P.S. For what its worth - my liquid project experience:

 

Creating a professional, practical, nice looking, liquid website for business is extremely hard.  I set out @ 2 years ago to make a 100% liquid Real Estate Company website. EXTREMELY challenging and I was told it couldn't really be done. I specialize in Real Estate sites, so I know the challenges - fixed sized photos, search listing results requiring 5 or 6 multi-column boxes side by side IN ADDITION to the wireframe's columns, and other issues ... all generated dynamically.

 

The thing is, you have to get used to creating a text-only liquid wire-frame, first. And all of the techniques out there are based on text only wire-frames. Then, as soon as you start to add graphics or photos or media .... WHAMMO!! There goes the layout.

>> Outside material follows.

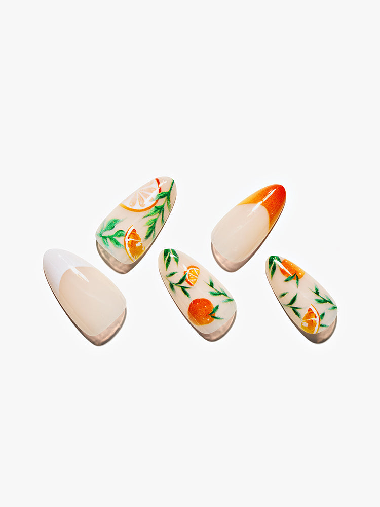 Tangerine Dream: Let your nails embody the essence of juicy tangerines with shades that range from light citrus to deep sunset hues. These press-on nails add a touch of playfulness and zest to your style, perfectly capturing the spirit of summer and happiness.

And that's where you have to start making choices and settling for less than perfect.

 

I've come close, it scales perfectly on high resolution widescreen monitors (1280 x 1024 or higher) down to medium resolution (1024 x 768) but it does very well at low res (it gets wonky at an 800 x 600 and lower resolution - which of course is what our firm's CEO has his monitor set at).  Since IE6 doesn't have a min-width, the layout doesn't hold up well when the browser window falls below 700px wide.

 

But, for the most part, I achieved what I set out to do. The site is liquid, elastic, holds up in high res, and only has problems in IE6 when the window is minimized below 750px wide. I could continue to tweak it and change things every day if I had the time. And some day soon will come back to it clean up the design.

 

I used the old "non-graphic rounded-corner technique" to emulate rounded corners, which looked fine in a fixed layout, but don't look as good when liquid.

 

Another difficulty is that I used a form search on the right column, there is only so much styling you can do with form elements ... by default these are for the most part controlled by the browser AND platform - like scrollbars -  and may look different in Safari/Mac, FF/WinXP, IE7/Vista, seamonkey/Linux!